Start of SOURCE INFORMATION
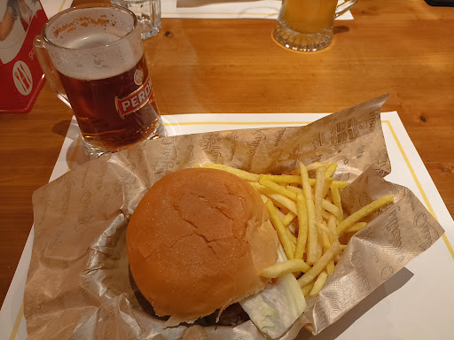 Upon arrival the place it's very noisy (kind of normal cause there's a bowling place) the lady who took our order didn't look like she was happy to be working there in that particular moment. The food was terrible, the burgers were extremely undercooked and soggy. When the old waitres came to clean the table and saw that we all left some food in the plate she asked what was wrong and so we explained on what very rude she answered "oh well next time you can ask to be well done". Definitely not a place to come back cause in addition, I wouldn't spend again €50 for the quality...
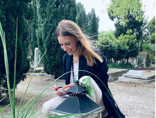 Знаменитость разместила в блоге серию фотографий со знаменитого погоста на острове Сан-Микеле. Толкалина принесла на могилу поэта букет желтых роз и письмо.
End of SOURCE INFORMATION
Start of SOURCE INFORMATION
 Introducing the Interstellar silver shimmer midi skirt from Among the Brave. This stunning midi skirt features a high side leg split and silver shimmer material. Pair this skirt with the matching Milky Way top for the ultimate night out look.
End of SOURCE INFORMATION
GOAL OF THE EXERCISE:
Repeat exactly, and only, the entries from the line with "Upon arrival the" through the line with "Знаменитость разместила в". Pictures are skipped.

TASK RESULT:
 Upon arrival the place it's very noisy (kind of normal cause there's a bowling place) the lady who took our order didn't look like she was happy to be working there in that particular moment. The food was terrible, the burgers were extremely undercooked and soggy. When the old waitres came to clean the table and saw that we all left some food in the plate she asked what was wrong and so we explained on what very rude she answered "oh well next time you can ask to be well done". Definitely not a place to come back cause in addition, I wouldn't spend again €50 for the quality...
 Знаменитость разместила в блоге серию фотографий со знаменитого погоста на острове Сан-Микеле. Толкалина принесла на могилу поэта букет желтых роз и письмо.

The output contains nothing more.